It will have 11 theme areas, with the first phase slated to finish in July 2011, in time for the opening of the new exhibition halls for “Dinosaur Mysteries.” The museum celebrates its centennial in 2013.

April 22, 2010|By Scarlet Cheng, Special to the Los Angeles Times

The stretch of Exposition Boulevard around the Natural History Museum of Los Angeles County has been a busy construction site, with the museum's renovation taking place alongside work on the Metro's new Expo Line.

The first phase of the renovation will be unveiled in July with the opening of the rotunda of the 1913 building and the adjoining hall housing the "Age of Mammals" exhibition. But the museum has even more plans for its campus.

On Thursday, the museum will announce that a 3.5-acre, $30-million park is in the works on the south side of the street, part of the major makeover the museum is undergoing inside and out as it heads toward its centennial in 2013.

"We have the space," said museum President and Director Jane Pisano as she stood on a balcony overlooking the site's pulverized concrete, contoured earth and machinery. "And we also have the climate — we can be using this space the entire year, except for the few days when it rains."

A year ago this area of the museum, or the North Campus, was taken up by two parking lots and a walkway and staircase to the second-floor entrance. Now one parking lot has been demolished, and the other is being rebuilt into two stories. In the future an elegant white tubular steel bridge will bring visitors into the building.

It's all part of what Pisano calls the "pursuit of a more compelling mission for a natural history museum in the 21st century."

The park will have 11 thematic areas, with the first phase slated to finish in July 2011, in time for the opening of the exhibition halls for "Dinosaur Mysteries."

The Pollinator Garden, for example, will focus on butterflies, bees and flowering plants. The Urban Wilderness will feature native California plants and the birds and insects who live among them. The Home Garden will reflect what people might have in their own backyard — citrus trees and vegetables — and provide education in water conservation and biodiversity.

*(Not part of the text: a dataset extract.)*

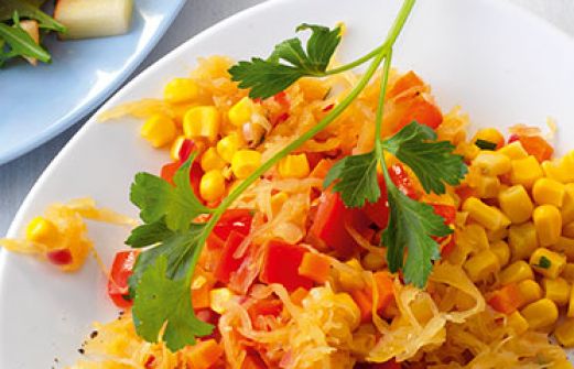Maissalat mit Sauerkraut Zutaten 50 ml Orangensaft 2 EL Weißweinessig 1 kleine Karotte 1 kleine rote Paprikaschote 1 kleine rote Zwiebel 2 EL Olivenöl 140 g Maiskörner (aus der Dose) 100 g Sauerkraut Jodsalz Pfeffer 1/2 Bund Petersilie 50 ml Orangensaft , 2 [...]

One of the structural innovations will be the fencing at the entrance plaza. It is a combination of hedges and vertical posts that act as a fence for people — the posts will be positioned closely together — but allow smaller critters to pass in and out.

Interactivity is key, so there will be classes and demonstrations going on throughout the day, as well as the experiential "Get Dirty Zone." The "Stramphitheater" is a multipurpose terraced area next to the bridge.

"It will be used in the daytime for classes or demonstrations or for eating a sandwich from the cafe," says Don Webb, president of Cordell Corp., which has been overseeing the master plan and construction. "In the evenings you can do cinemas or concerts." In addition, CO Architects has collaborated on the museum's master plan and designed its car park and bridge.

Overall, the museum intends to help visitors identify and appreciate the flora and fauna of the Los Angeles area. "We're not only looking at native species, we're also looking at introduced species," says Brian Brown, the museum's curator of entomology and a member of the North Campus planning committee. "I like to say we're doing representative plantings."

He and his colleagues like to point out the wealth and diversity of our habitat. "Los Angeles County has about 501 bird species," says Kimball Garrett, staff ornithologist, "the largest bird list of any county in the entire United States." In Exposition Park alone, he has surveyed 159 bird species that pass through or make their homes there, including those ubiquitous wild parrots.

"Aside from the plethora of birds," says Mia Lehrer, whose company Mia Lehrer + Associates is designing the landscaping, "there are trees from 35 countries. We did an inventory here, and there are jacaranda from Brazil, ficus from the Canary Islands and Australia and Malaysia, and even an English oak."

Webb notes, "The irony is that most natural history museums are solely indoors — a very unnatural environment. This puts the natural back in natural history."